[Pacemaker] Need help!!! resources fail-over not taking place properly...

Thu Feb 18 11:39:09 UTC 2010

sir,

I have set up a two node cluster in Ubuntu 9.1. I have added a cluster-ip
using ocf:heartbeat:IPaddr2, clonned lsb script "postgresql-8.4" and also
added a manually created script for slony database replication.

Now every thing works fine but I am not able to use the ocf resource
scripts. I mean fail over is not taking place or else even resource is not
even taking.

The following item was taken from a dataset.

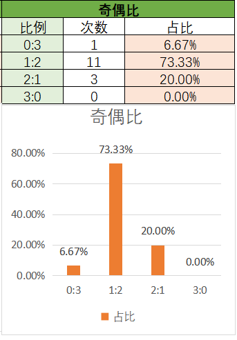 上期奇偶比为1:2,各个类型占比没有变化。近15期内1:2优势最好,其次是2:1,最后是0:3。上期开了1:2奇偶比,本期还是看好1:2奇偶比的开出,其次是2:1。

My ha.cf file and cib configuration is attached with this mail

My ha.cf file

autojoin none
keepalive 2
deadtime 15
warntime 5
initdead 64
udpport 694
bcast eth0
auto_failback off
node node1
node node2
crm respawn
use_logd yes

My cib.xml configuration file in cli format:

node $id="3952b93e-786c-47d4-8c2f-a882e3d3d105" node2 \
    attributes standby="off"
node $id="ac87f697-5b44-4720-a8af-12a6f2295930" node1 \
    attributes standby="off"
primitive pgsql lsb:postgresql-8.4 \
    meta target-role="Started" resource-stickness="inherited" \
    op monitor interval="15s" timeout="25s" on-fail="standby"
primitive slony-fail lsb:slony_failover \
    meta target-role="Started"
primitive vir-ip ocf:heartbeat:IPaddr2 \
    params ip="192.168.10.10" nic="eth0" cidr_netmask="24"
broadcast="192.168.10.255" \
    op monitor interval="15s" timeout="25s" on-fail="standby" \
    meta target-role="Started"
clone pgclone pgsql \
    meta notify="true" globally-unique="false" interleave="true"
target-role="Started"
colocation ip-with-slony inf: slony-fail vir-ip
order slony-b4-ip inf: vir-ip slony-fail
property $id="cib-bootstrap-options" \
    dc-version="1.0.5-3840e6b5a305ccb803d29b468556739e75532d56" \
    cluster-infrastructure="Heartbeat" \
    no-quorum-policy="ignore" \
    stonith-enabled="false" \
    last-lrm-refresh="1266488780"
rsc_defaults $id="rsc-options" \
    resource-stickiness="INFINITY"

I am assigning the cluster-ip (192.168.10.10) in eth0 with ip 192.168.10.129
in one machine and 192.168.10.130 in another machine.

When I pull out the eth0 interface cable fail-over is not taking place.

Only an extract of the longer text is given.